**Task requirements:** Could you reproduce every entry as it stands, leaving the pictures behind?

===== Listed records =====

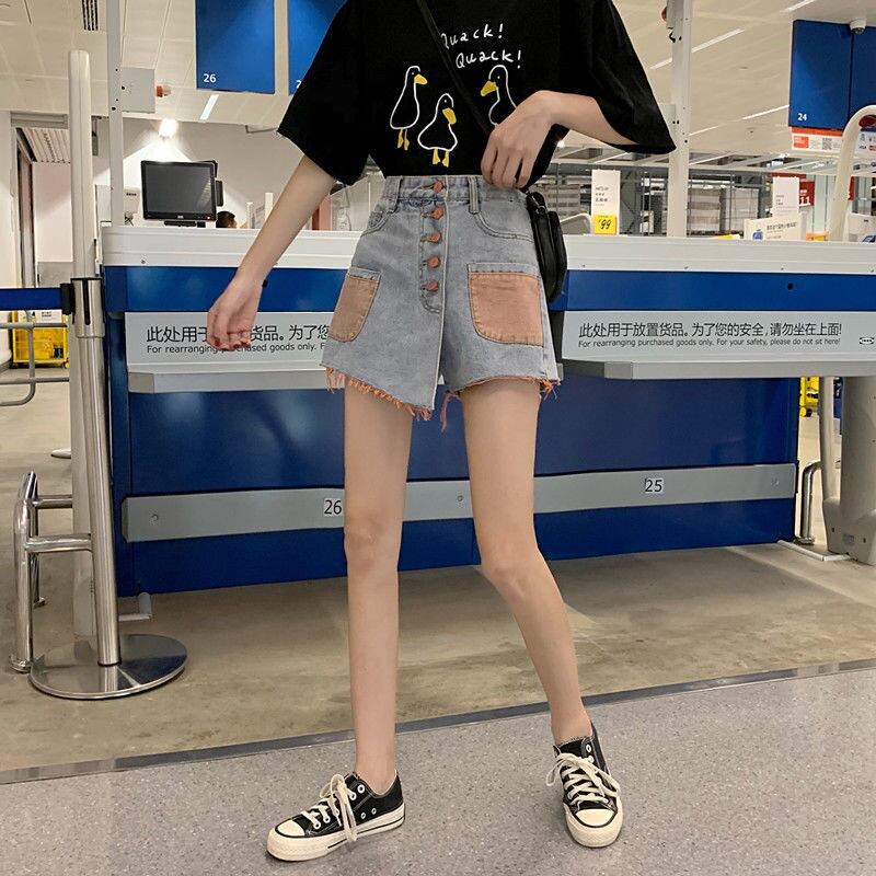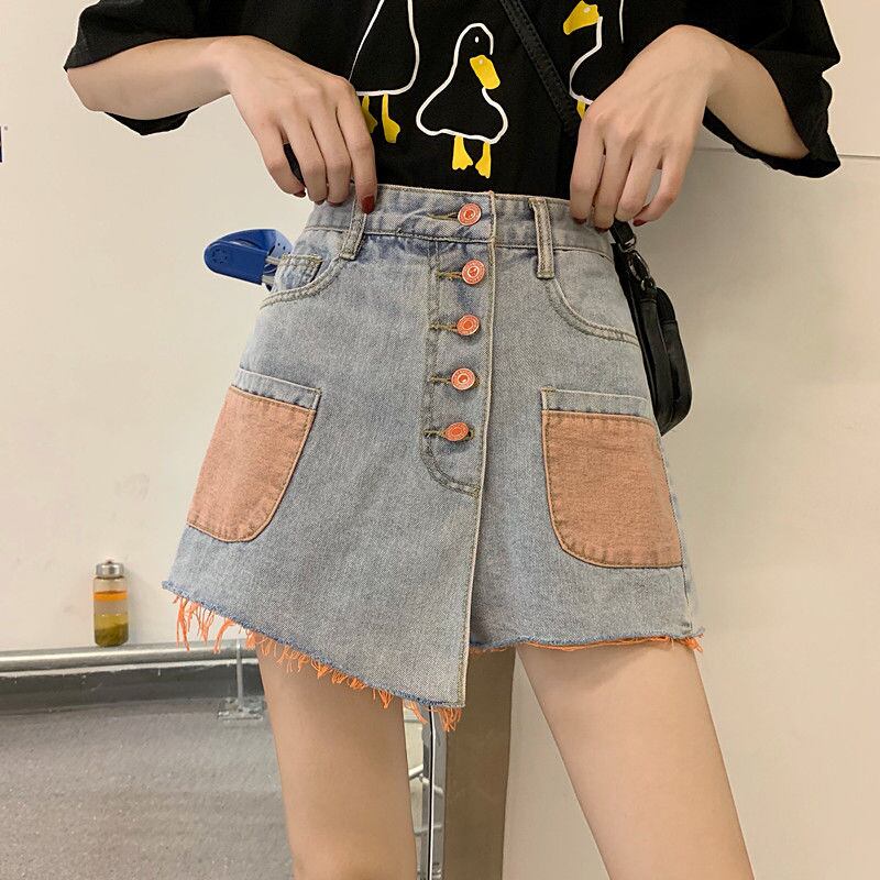 送料無料 シックなジーンズショーツスカート女性の夏のシングルブレストデニムショーツパッチワークウエスト Vaqueros Cortos サマー 夏物 ブルマー AE3356519366808261
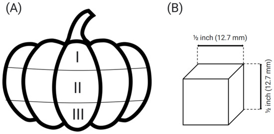 The texture profile of the flesh was determined by using a double compression test following Marian [39] with minor changes. The flesh collected for analysis was only from the midsection (labeled II) of the pumpkin at a distance of 4 mm from the skin for uniformity, as shown in Figure 2. The other sections of the calabaza fruit (labeled I and III) were not utilized for this analysis. Due to the curvature of the calabaza, the axis of the square samples was perpendicular to the surface of the skin.
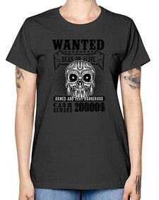 Wanted 1204# - skull and bones- Ladies T-Shirt
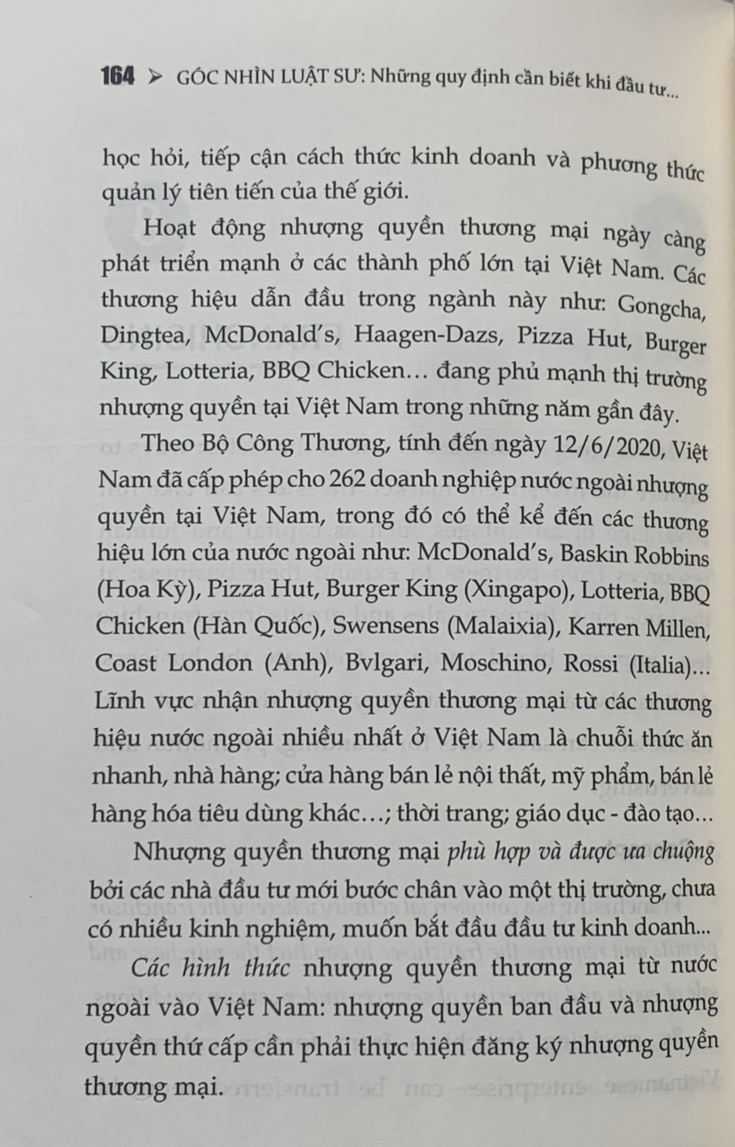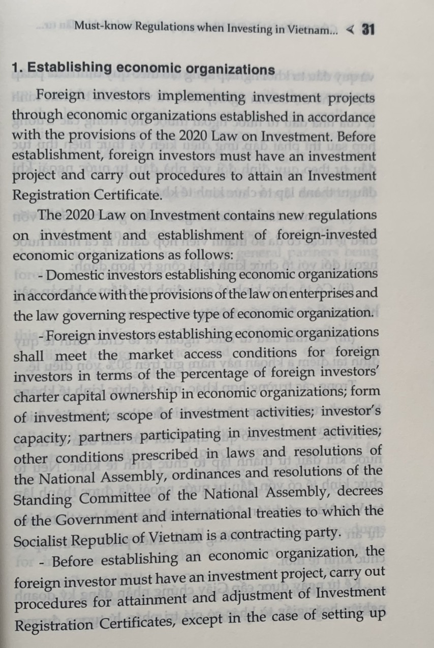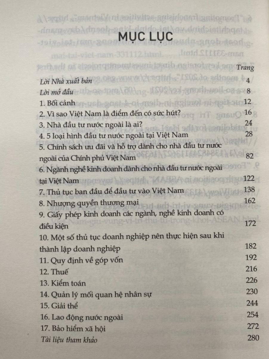 GÓC NHÌN LUẬT SƯ (song ngữ) Những quy định cần biết khi đầu tư vào Việt Nam ThS. Luật sư Lê Thị Dung Nxb Chính trị Quốc gia Sự thật Công ty phát hành: Nxb Chính trị Quốc gia Sự thật Số trang: 287 Kích thước: 16x24 cm Cân nặng: 300gr Hình thức: Bìa mềm Phát hành: 11.2022 Đây là cuốn sách chứa toàn bộ những kiến thức pháp lý liên quan đến lĩnh vực đầu tư nước ngoài vào Việt Nam. Mang giá trị thiết thực cho các nhà đầu tư nước ngoài đang tìm kiếm cơ hội đầu tư vào quốc gia này.” - Ông Hong Sun - Phó Chủ tịch Hiệp hội Korcham. Cuốn sách là sự tổng hợp các quy định pháp luật mới nhất liên quan đến pháp luật đầu tư bao gồm: Luật đầu tư, Luật dân sự, Luật doanh nghiệp, Luật lao động, Luật bảo hiểm xã hội, Luật thuếà kèm theo đó là sự phân tích của tác giả giúp bạn đọc nhanh chóng nắm được các khái niệm, kiến thức, quy định pháp luật liên quan đến đầu tư doanh nghiệp. Nội dung gồm 17 phần được sắp xếp một cách khoa học trình bày toàn diện pháp luật đầu tư từ việc giải thích nhà đầu tư là ai, các loại hình doanh nghiệp được phép đầu tư, các ưu đãi, ngành nghề được phép đầu tư, các thủ tục cần thiết trước và sau đầu tư cũng như trình bày về thuế, kiểm toán, nhượng quyền thương mại, giải thể, lao động nước ngoài, bảo hiểm xã hội, quản lý mối quan hệ nhân sự.   Nội dung sách bao gồm 17 mục bao quát toàn bộ lĩnh vực pháp luật đầu tư:
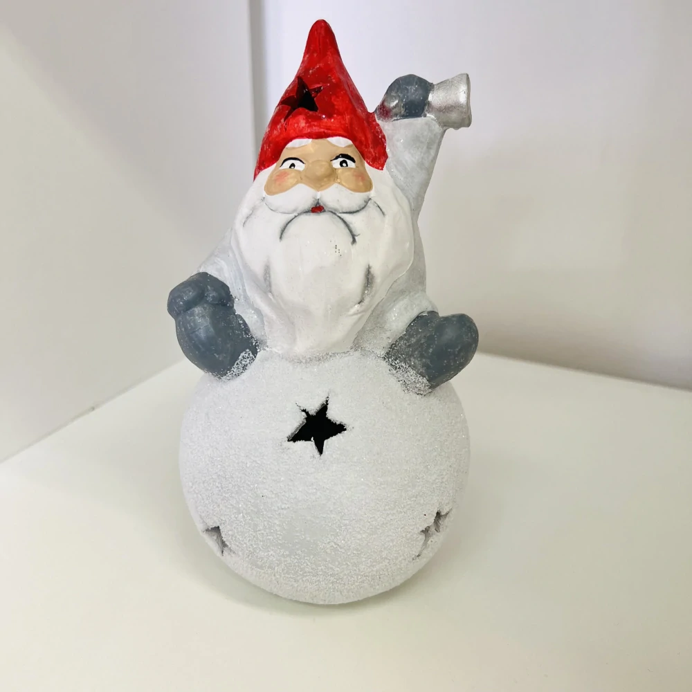 Vánoční figurka Mikuláše sedícího na sněhové kouli s led osvětlením
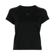 4CC3241521001 (W) Alexander Wang Puff Logo Shrunken T-Shirt in Cotton Jersey Black
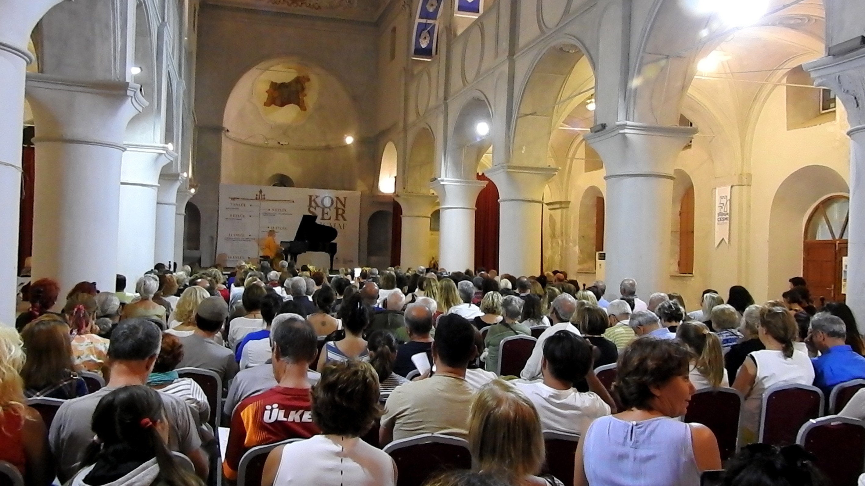 Devlet Sanaçısı Gülsin Onay, Çeşme çarşısındaki tarihi Aya Haralambos Kilisesi'nde gerçekleştirilen açılış konserinde, Johann Sebastian Bach, Ludwig Van Beethoven, George Enescu ve Franz Liszt'in unutulmaz eserlerini piyanosuyla yorumladı. Onay, konserinin son bölümünde ise genç yetenek, Ankara Bilkent Konservatuvarı Öğrencisi, 15 yaşındaki Tuna Bilgin'i sahneye davet ederek, Adnan Saygun'un bir piyano sonatını çaldırttı. Tuna Bilgin'in başarılı yorumu ise seyircilerden büyük alkış aldı.
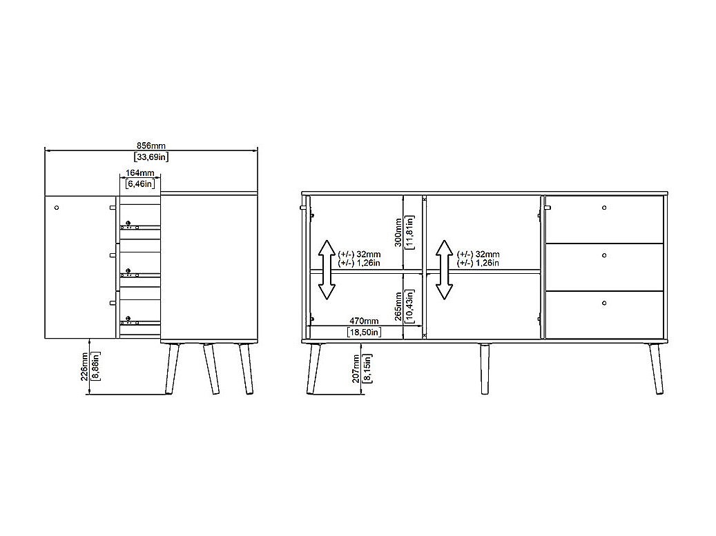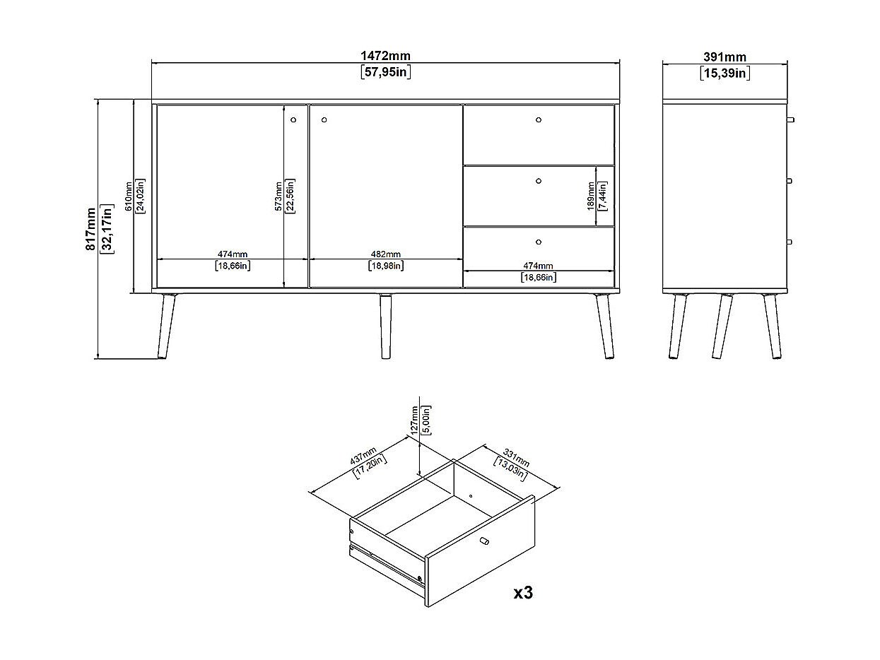 Bodo Sideboard 2 Türen, 3 Schubladen weiß.

=====

**Output of the task:**
 送料無料 シックなジーンズショーツスカート女性の夏のシングルブレストデニムショーツパッチワークウエスト Vaqueros Cortos サマー 夏物 ブルマー AE3356519366808261
 The texture profile of the flesh was determined by using a double compression test following Marian [39] with minor changes. The flesh collected for analysis was only from the midsection (labeled II) of the pumpkin at a distance of 4 mm from the skin for uniformity, as shown in Figure 2. The other sections of the calabaza fruit (labeled I and III) were not utilized for this analysis. Due to the curvature of the calabaza, the axis of the square samples was perpendicular to the surface of the skin.
 Wanted 1204# - skull and bones- Ladies T-Shirt
 GÓC NHÌN LUẬT SƯ (song ngữ) Những quy định cần biết khi đầu tư vào Việt Nam ThS. Luật sư Lê Thị Dung Nxb Chính trị Quốc gia Sự thật Công ty phát hành: Nxb Chính trị Quốc gia Sự thật Số trang: 287 Kích thước: 16x24 cm Cân nặng: 300gr Hình thức: Bìa mềm Phát hành: 11.2022 Đây là cuốn sách chứa toàn bộ những kiến thức pháp lý liên quan đến lĩnh vực đầu tư nước ngoài vào Việt Nam. Mang giá trị thiết thực cho các nhà đầu tư nước ngoài đang tìm kiếm cơ hội đầu tư vào quốc gia này.” - Ông Hong Sun - Phó Chủ tịch Hiệp hội Korcham. Cuốn sách là sự tổng hợp các quy định pháp luật mới nhất liên quan đến pháp luật đầu tư bao gồm: Luật đầu tư, Luật dân sự, Luật doanh nghiệp, Luật lao động, Luật bảo hiểm xã hội, Luật thuếà kèm theo đó là sự phân tích của tác giả giúp bạn đọc nhanh chóng nắm được các khái niệm, kiến thức, quy định pháp luật liên quan đến đầu tư doanh nghiệp. Nội dung gồm 17 phần được sắp xếp một cách khoa học trình bày toàn diện pháp luật đầu tư từ việc giải thích nhà đầu tư là ai, các loại hình doanh nghiệp được phép đầu tư, các ưu đãi, ngành nghề được phép đầu tư, các thủ tục cần thiết trước và sau đầu tư cũng như trình bày về thuế, kiểm toán, nhượng quyền thương mại, giải thể, lao động nước ngoài, bảo hiểm xã hội, quản lý mối quan hệ nhân sự.   Nội dung sách bao gồm 17 mục bao quát toàn bộ lĩnh vực pháp luật đầu tư:
 Vánoční figurka Mikuláše sedícího na sněhové kouli s led osvětlením
 4CC3241521001 (W) Alexander Wang Puff Logo Shrunken T-Shirt in Cotton Jersey Black
 Devlet Sanaçısı Gülsin Onay, Çeşme çarşısındaki tarihi Aya Haralambos Kilisesi'nde gerçekleştirilen açılış konserinde, Johann Sebastian Bach, Ludwig Van Beethoven, George Enescu ve Franz Liszt'in unutulmaz eserlerini piyanosuyla yorumladı. Onay, konserinin son bölümünde ise genç yetenek, Ankara Bilkent Konservatuvarı Öğrencisi, 15 yaşındaki Tuna Bilgin'i sahneye davet ederek, Adnan Saygun'un bir piyano sonatını çaldırttı. Tuna Bilgin'in başarılı yorumu ise seyircilerden büyük alkış aldı.
 Bodo Sideboard 2 Türen, 3 Schubladen weiß.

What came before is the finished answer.